Women using short-acting reliever medication (beta-agonists) took 20 per cent longer to conceive on average. They were also 30 per cent more likely to have taken more than a year to conceive, which the researchers defined as the threshold for infertility.

This difference remained even after researchers took other factors known to influence fertility, such as age and weight, into account.

The study was led by Dr Luke Grzeskowiak from the University of Adelaide’s Robinson Research Institute, who said that the results provide reassurance for asthmatic women that using inhaled corticosteroids to prevent symptoms does not appear to reduce fertility.

“Five-to-10 per cent of all women around the world have asthma and it is one of the most common chronic medical conditions in women of reproductive age. Several studies have identified a link between asthma and female infertility, but the impact of asthma treatments on fertility has been unclear,” Dr Grzeskowiak said.

“Studying the effect of asthma treatments in women who are pregnant or trying to get pregnant is important, as women often express concerns about exposing their unborn babies to [the] potentially harmful effects of medications.”

While the study showed that women using short-acting asthma relievers take longer to get pregnant, “on the other hand, continued use of long-acting asthma preventers to control asthma seems to protect fertility and reduce the time it takes women with asthma to become pregnant. This could lead to a reduction in the need for fertility treatments”.

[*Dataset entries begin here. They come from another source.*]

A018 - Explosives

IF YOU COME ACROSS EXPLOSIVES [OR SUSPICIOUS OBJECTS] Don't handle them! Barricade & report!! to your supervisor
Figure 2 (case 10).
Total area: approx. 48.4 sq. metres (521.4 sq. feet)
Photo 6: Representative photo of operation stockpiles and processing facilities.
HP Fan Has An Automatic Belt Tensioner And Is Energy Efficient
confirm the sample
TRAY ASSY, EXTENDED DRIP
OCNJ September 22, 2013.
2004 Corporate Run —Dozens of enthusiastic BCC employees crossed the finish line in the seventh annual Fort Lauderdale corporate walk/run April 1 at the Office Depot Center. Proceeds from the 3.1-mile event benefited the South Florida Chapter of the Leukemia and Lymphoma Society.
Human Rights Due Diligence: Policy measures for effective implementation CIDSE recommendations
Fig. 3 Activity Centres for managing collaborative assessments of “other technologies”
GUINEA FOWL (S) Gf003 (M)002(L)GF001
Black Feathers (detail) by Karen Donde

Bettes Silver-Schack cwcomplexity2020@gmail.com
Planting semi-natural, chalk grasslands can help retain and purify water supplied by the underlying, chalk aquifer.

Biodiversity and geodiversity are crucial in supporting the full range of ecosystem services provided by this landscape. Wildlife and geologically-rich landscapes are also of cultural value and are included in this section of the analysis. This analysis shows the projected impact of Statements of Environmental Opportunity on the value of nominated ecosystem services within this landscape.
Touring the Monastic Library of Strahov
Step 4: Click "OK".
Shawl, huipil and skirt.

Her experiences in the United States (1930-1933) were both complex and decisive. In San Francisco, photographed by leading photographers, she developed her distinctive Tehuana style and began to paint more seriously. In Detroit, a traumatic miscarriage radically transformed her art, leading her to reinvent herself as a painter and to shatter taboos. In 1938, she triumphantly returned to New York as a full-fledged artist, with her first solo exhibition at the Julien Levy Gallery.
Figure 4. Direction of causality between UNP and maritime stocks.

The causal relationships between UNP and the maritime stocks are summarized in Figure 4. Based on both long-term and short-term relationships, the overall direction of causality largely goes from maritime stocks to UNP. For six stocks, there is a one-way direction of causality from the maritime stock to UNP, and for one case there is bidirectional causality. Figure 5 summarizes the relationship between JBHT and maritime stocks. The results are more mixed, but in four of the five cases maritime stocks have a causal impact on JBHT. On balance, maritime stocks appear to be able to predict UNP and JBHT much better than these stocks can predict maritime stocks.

“There is plenty of evidence that maternal asthma has a negative impact on the health of pregnant mothers and their babies, and so our general advice is that women should take steps to get their asthma under control before trying to conceive,” he said.

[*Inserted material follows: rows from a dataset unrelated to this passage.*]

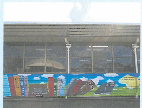
Tank from Tank Art has been a huge part of the wonderful murals that are on show all year round at the school.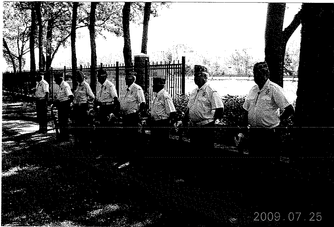
Your Honor Guard at the 56th year Anniversary Armistice of the Korean War, held at Bear Creek Park. Had their usual fine program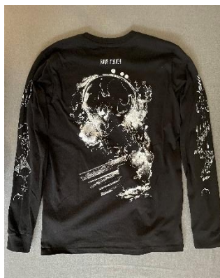
Paulina Nolte, T-Shirt, bedruckt für Ruine München, 2022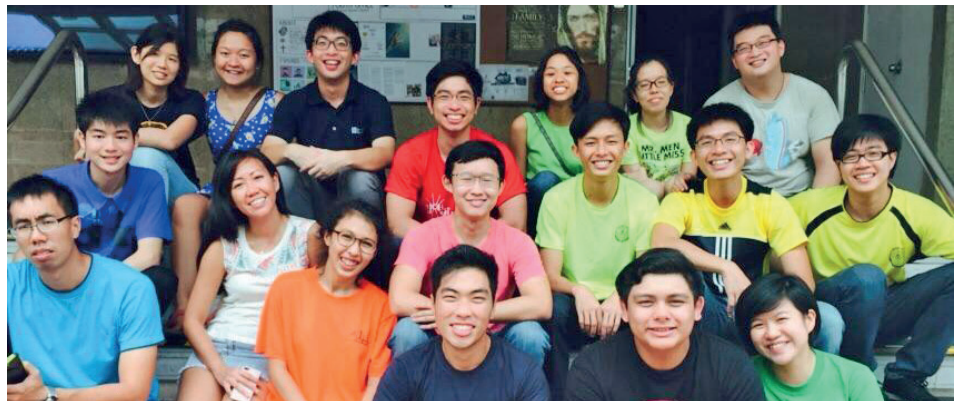
The community of LOG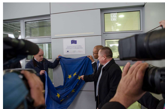
Approximately EUR 40 million has been allocated for construction and improvements of ten border crossings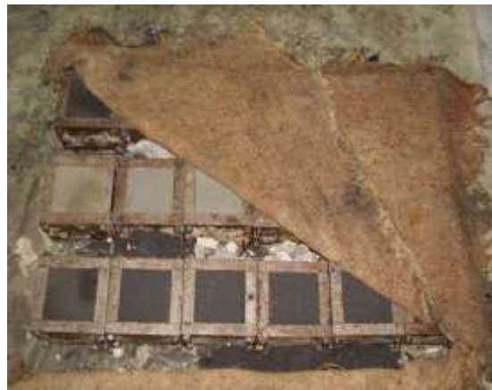
Fig. 4: Aerated concrete covered with gunny sack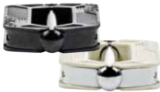
Felt Cruiser Pedals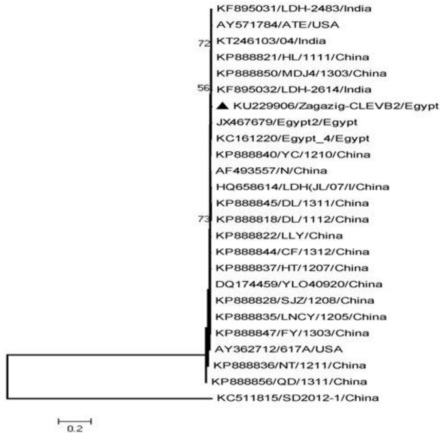
Figure 2: Phylogenetic analysis of meq gene nucleotide sequences of vvMDV isolated from Egyptian poultry flocks and other sequences available on GeneBank.

Comparison of the nucleic acid sequences of meq and tandem repeat genes of the isolates were aligned together with other MDV strains on Gene Bank. The results presented that the isolates obtained in the current study are very virulent MDV strains and with high similarity (99%) with very virulent Chinese, Indian, European ATE and Egyptian strains (Figures 2,3).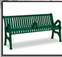
PROPOSED BENCH TO COMPLEMENT DESIGN THEME (TYP)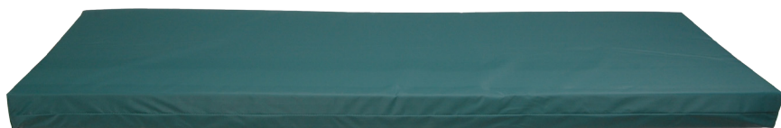
DP Core, Hunter Green Vinyl Cover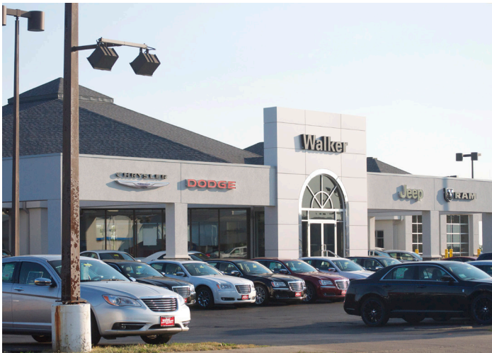
Newly Renovated Exterior Elevation of Walker Chrysler Dodge Jeep Ram

The new store front will help provide the necessary additional signage space for the dealership group.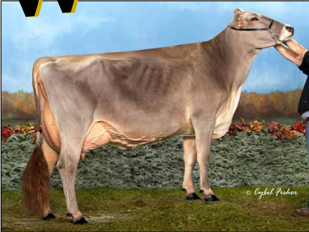
TOP ACRES GARBRO WANDA ET E91/92MS 5TH GENERATION ALL-AMERICAN HONOREE DONOR DAM OF LOT 5 & DAM OF LOT 6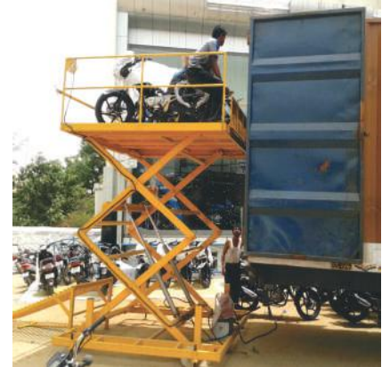
SCISSOR LIFT FOR TWO-WHEELER UNLOADING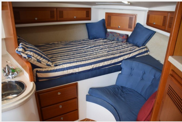
Berth and lounge seat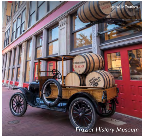
Frazier History Museum

Today marks the beginning of your journey home, but not before one final inspiring experience in Louisville. After checking out of our hotel, we'll venture into a powerful guided tour of the Muhammad Ali Center , where the life and legacy of "The Greatest" come vividly to life, from his early days in Louisville to his rise as a boxing legend and global humanitarian. After enjoying lunch on your own, it's time to bid farewell to this soulful city. In the late afternoon, arrive in Peoria, IL , to check into our hotel and gather for a delicious farewell dinner.

“What we don’t yet know is exactly how asthma or asthma treatments lead to fertility problems. As well as affecting the lungs, asthma could cause inflammation elsewhere in the body, including the uterus. It could also affect the health of eggs in the ovaries.

“Inhaled corticosteroids suppress the immune system, whereas short-acting asthma treatments do not alter immune function. In women who are only using relievers, it’s possible that, while their asthma symptoms may improve, inflammation may still be present in the lungs and other organs in the body.”

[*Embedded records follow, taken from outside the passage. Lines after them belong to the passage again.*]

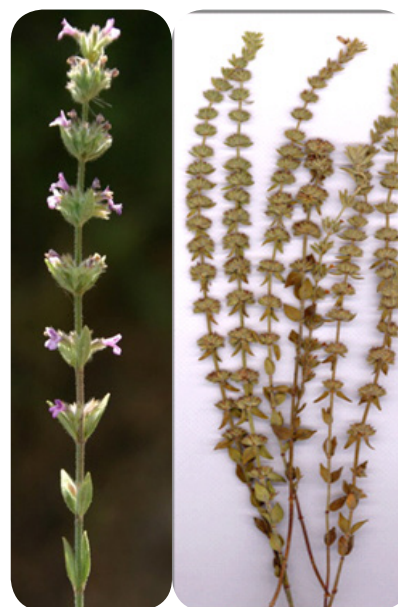
Fig. 2. Satureja myrtifolia plant at flowering period (A) and at maturation stage (B).

Two solvents (water and methanol) were used for the extraction of TPC. 1.0-gram portions from the aerial parts of S. myrtifolia plant (leaves and stems) were powdered and extracted for 24 h with 20 mL of water or methanol (95%) at room temperature (30 °C), followed by rapid paper filtration through a Whatman No 0.45 mm filter paper. The resulting solutions were evaporated under the vacuum at 30 °C by Buchi Rotavapor R-200 to dryness. The residues were then dissolved in 3 mL of water or of methanol. The extraction yields (w:w) were: 24% (water) and 18.65%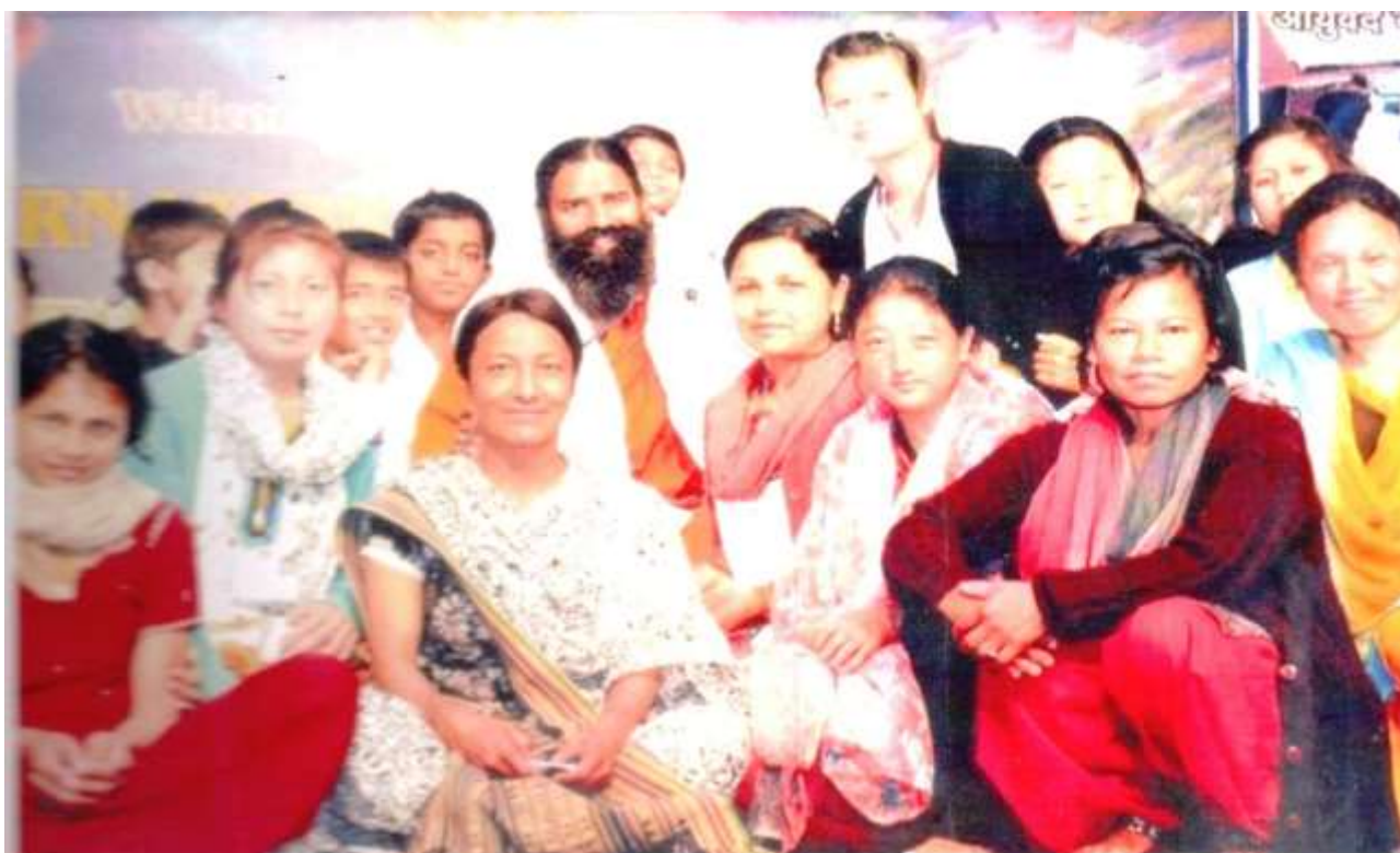
Our Trainees with Guru Ramdev at Patanjali Yogpeeth, Haridwar.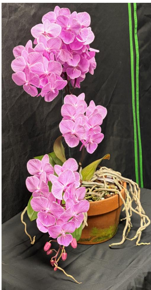
Phal Miki Pink Planet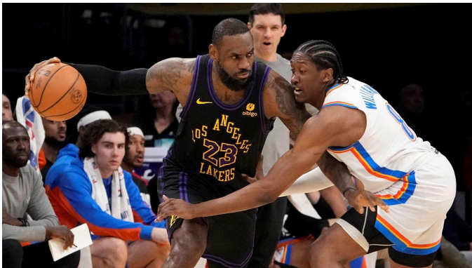
Lebron defending the ball from player from the Oklahoma City Thunders

Some people blame the Lakers performance on their coach. This is because of the Lakers offense relying too much on LeBron James and the Lakers defense relying too much on Anthony Davis. Others blame their defense on injuries. This is because injuries limit their playstyles. LeBron also is mad at his team's playstyle, creating controversy in social media. Recently though, the Lakers figured out their rotation (combination of the players on the court) and have been recently doing decent.

The researchers plan further studies involving women with asthma who are undergoing fertility treatments, to see whether improving asthma control could also improve fertility outcomes.

Meanwhile, a separate study presented at the 2017 European Respiratory Society International Congress in Milan found that women with asthma are more likely to have fertility treatment before giving birth than non-asthmatic women.

Among 744 pregnant asthmatic women enrolled in the ‘Management of Asthma During Pregnancy’ programme at the Hvidovre Hospital, Hvidovre, Denmark, and who gave birth between 2007 and 2013, 12 per cent had received fertility treatment compared to 7 per cent of the 2,136 non-asthmatic women in the control group.

Although the study does not prove that asthma played a role in reducing fertility in some women, the researchers said it suggests that improving women’s asthma control might help them to become pregnant more easily.

Prof Charlotte Suppli Ulrik, from the Department of Respiratory Medicine at Hvidovre Hospital, who supervised the study, said: “We don’t have the hard-core evidence but based on what we know, it seems very likely that good asthma control will improve fertility in women with asthma by reducing the time it takes to become pregnant and, therefore, the need for fertility treatment.

“However, when it comes to fertility for women, age is a crucial factor — so the message, particularly for women with asthma, is don’t wait too long, as it might reduce your chances of having children.”

Prof Suppli Ulrik and colleagues are setting up studies to investigate further the association between asthma and fertility, including a study addressing the impact of good asthma control on fertility. “Further studies are needed to confirm our findings,” she said.